Swiss Army Man speaks a language only understood by those scarred by being called “weird” as a child, only to find later in life that the designation is not a curse but a gift which frees one from the social constraints of having to be normal.

The small amount of Buddhist in me would say we are all weird, however, this deeply personal movie tests that theory. It’s a socially awkward teenager of a film, dealing with the uncomfortable subject matter such as death, masturbation, existential isolation, and farting.

The cinematic experience itself cannot be explained through traditional means. It evokes motifs of early American literature, such as the retreat of two men into the forest to explore themselves and the nature of society in contrast with the wild self. Transcendentalism befriends magic realism.

The plot isn’t as significant as its poetry, which itself is a parody of our bodies as Swiss Army tools for pleasure and function, until they decompose, leaving us to ask, are we our bodies? Are we love? Or are we a meaningless storage unit of thoughts, memories, and fear? Manny asks Hank, “If my best friend hides his farts from me then what else is he hiding from me, and why does that make me feel so alone?”

Manny himself is a tabula rasa-corpse with an awakened human mind, formatting and collecting data as the movie progresses, confronting the Derrida-esque concept of language, the biblical plague of thinking, love, and the eventual flatulent death from which Manny was born and where we all end.
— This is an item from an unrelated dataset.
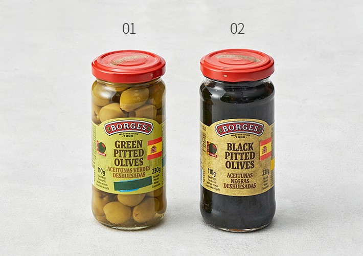 1896년에 설립된 스페인의 올리브 오일 브랜드,보르게스가 선보이는 피티드 올리브를 소개할게요. 올리브의 씨를 제거한 다음 깔끔하게 절여 한 병에 담아냈답니다. 그대로 드시는 것은 물론,용도에 맞게 슬라이스해 사용하기에도 제격이지요. 쫄깃하고 고소한 블랙올리브와 풋풋한 풍미의 그린올리브 2가지 종류를 준비했으니 취향에 따라 골라보세요. 피자,샐러드,파스타 등 다양한 요리에 활용하기 좋을 거예요.

The birth and overpopulation of thought construct a cloud of anxiety for Manny, allowing him to become the contemporary, anxious human. He eats the forbidden fruit of reflection: “Oh God, I’m disgusting. My body is disgusting.” He joins the human race in its flight from its own animalistic, corporeal form, while guiding Hank with a GPS-erection in the circular journey of loss, exploring the time we waste being afraid while on this planet, and interrogating the neurosis that prevents us from being something more than what Hank calls a “bag of shit.”

Swiss Army Man digs deeper than entertainment. It’s an interpretive dance, with a haunting score, wooing the audience to consider its basest functions, our most embarrassing fears just as sacred and intertwined with love as our own breaking hearts.

Swiss Army Man stars Paul Dano and Daniel Radcliffe and is currently showing at Carolina Cinemas.

Image link for Swiss Army Man.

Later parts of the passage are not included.